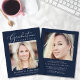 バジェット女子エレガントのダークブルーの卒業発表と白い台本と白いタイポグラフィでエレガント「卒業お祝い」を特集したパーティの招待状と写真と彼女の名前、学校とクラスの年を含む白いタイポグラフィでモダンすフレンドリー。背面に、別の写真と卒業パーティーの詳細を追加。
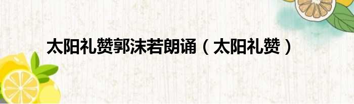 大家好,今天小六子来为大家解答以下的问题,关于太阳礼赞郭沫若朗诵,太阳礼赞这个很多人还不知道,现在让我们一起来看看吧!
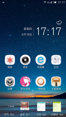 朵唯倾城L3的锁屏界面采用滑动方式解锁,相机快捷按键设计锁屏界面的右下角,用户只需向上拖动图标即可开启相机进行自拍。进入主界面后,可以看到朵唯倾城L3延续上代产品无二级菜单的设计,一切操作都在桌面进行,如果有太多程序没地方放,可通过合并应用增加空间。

----------------

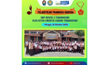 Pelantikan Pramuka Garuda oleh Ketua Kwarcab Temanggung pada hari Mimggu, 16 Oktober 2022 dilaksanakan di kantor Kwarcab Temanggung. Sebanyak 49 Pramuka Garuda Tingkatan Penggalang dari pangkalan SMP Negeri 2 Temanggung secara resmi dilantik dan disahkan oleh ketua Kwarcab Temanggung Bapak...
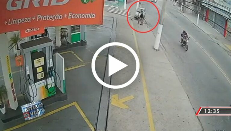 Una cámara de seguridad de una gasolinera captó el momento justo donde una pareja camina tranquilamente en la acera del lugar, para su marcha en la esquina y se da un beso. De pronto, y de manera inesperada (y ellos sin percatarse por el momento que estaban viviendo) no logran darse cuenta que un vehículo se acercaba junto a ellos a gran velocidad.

----------------

Work task = Leave out the images and write out the lines above exactly, from the one with "バジェット女子エレガントのダ" up to and including the one with "朵唯倾城L3的锁屏界面采用滑".

Answer section =
 バジェット女子エレガントのダークブルーの卒業発表と白い台本と白いタイポグラフィでエレガント「卒業お祝い」を特集したパーティの招待状と写真と彼女の名前、学校とクラスの年を含む白いタイポグラフィでモダンすフレンドリー。背面に、別の写真と卒業パーティーの詳細を追加。
 大家好,今天小六子来为大家解答以下的问题,关于太阳礼赞郭沫若朗诵,太阳礼赞这个很多人还不知道,现在让我们一起来看看吧!
 朵唯倾城L3的锁屏界面采用滑动方式解锁,相机快捷按键设计锁屏界面的右下角,用户只需向上拖动图标即可开启相机进行自拍。进入主界面后,可以看到朵唯倾城L3延续上代产品无二级菜单的设计,一切操作都在桌面进行,如果有太多程序没地方放,可通过合并应用增加空间。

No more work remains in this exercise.